Start of Block

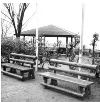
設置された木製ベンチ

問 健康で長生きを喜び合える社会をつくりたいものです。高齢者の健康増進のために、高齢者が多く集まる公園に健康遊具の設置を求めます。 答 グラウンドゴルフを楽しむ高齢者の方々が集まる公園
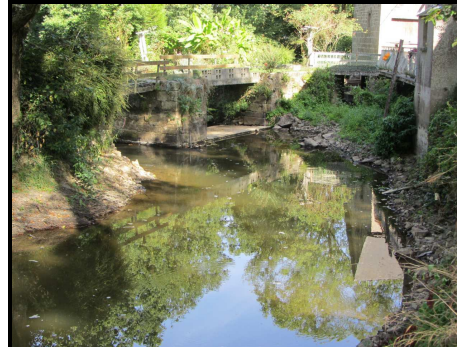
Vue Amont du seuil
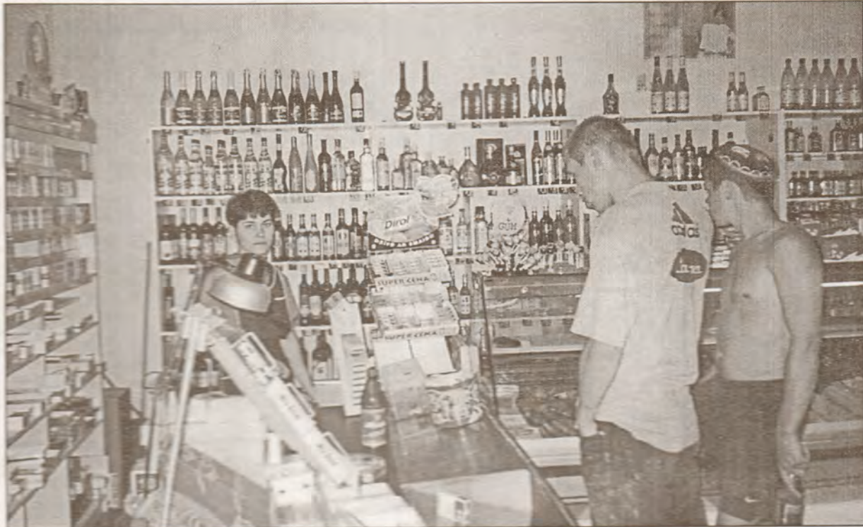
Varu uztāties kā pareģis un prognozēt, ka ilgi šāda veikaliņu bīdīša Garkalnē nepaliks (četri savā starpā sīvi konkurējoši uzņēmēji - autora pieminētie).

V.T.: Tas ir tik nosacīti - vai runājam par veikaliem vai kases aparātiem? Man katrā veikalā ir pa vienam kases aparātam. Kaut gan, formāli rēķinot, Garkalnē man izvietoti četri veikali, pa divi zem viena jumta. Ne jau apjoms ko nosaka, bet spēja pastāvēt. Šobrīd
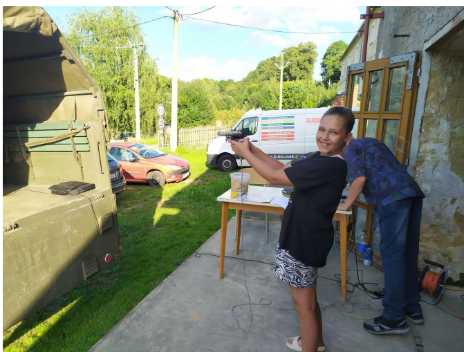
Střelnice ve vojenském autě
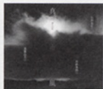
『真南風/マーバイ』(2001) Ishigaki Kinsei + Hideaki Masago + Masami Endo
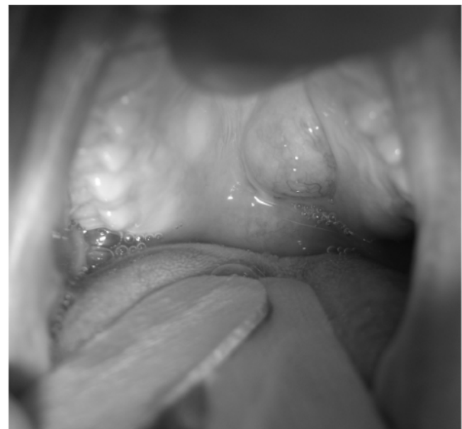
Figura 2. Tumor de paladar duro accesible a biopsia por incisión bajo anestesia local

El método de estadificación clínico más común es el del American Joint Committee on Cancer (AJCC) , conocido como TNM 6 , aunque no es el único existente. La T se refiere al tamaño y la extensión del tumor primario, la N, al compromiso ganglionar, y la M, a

End of Block

What to do: Take the line with "Varu uztāties kā" as the first line and the last line of the records above as the final one; reproduce exactly the lines between them, both included, without pictures.

Finished task:
Varu uztāties kā pareģis un prognozēt, ka ilgi šāda veikaliņu bīdīša Garkalnē nepaliks (četri savā starpā sīvi konkurējoši uzņēmēji - autora pieminētie).

V.T.: Tas ir tik nosacīti - vai runājam par veikaliem vai kases aparātiem? Man katrā veikalā ir pa vienam kases aparātam. Kaut gan, formāli rēķinot, Garkalnē man izvietoti četri veikali, pa divi zem viena jumta. Ne jau apjoms ko nosaka, bet spēja pastāvēt. Šobrīd
Střelnice ve vojenském autě
『真南風/マーバイ』(2001) Ishigaki Kinsei + Hideaki Masago + Masami Endo
Figura 2. Tumor de paladar duro accesible a biopsia por incisión bajo anestesia local

El método de estadificación clínico más común es el del American Joint Committee on Cancer (AJCC) , conocido como TNM 6 , aunque no es el único existente. La T se refiere al tamaño y la extensión del tumor primario, la N, al compromiso ganglionar, y la M, a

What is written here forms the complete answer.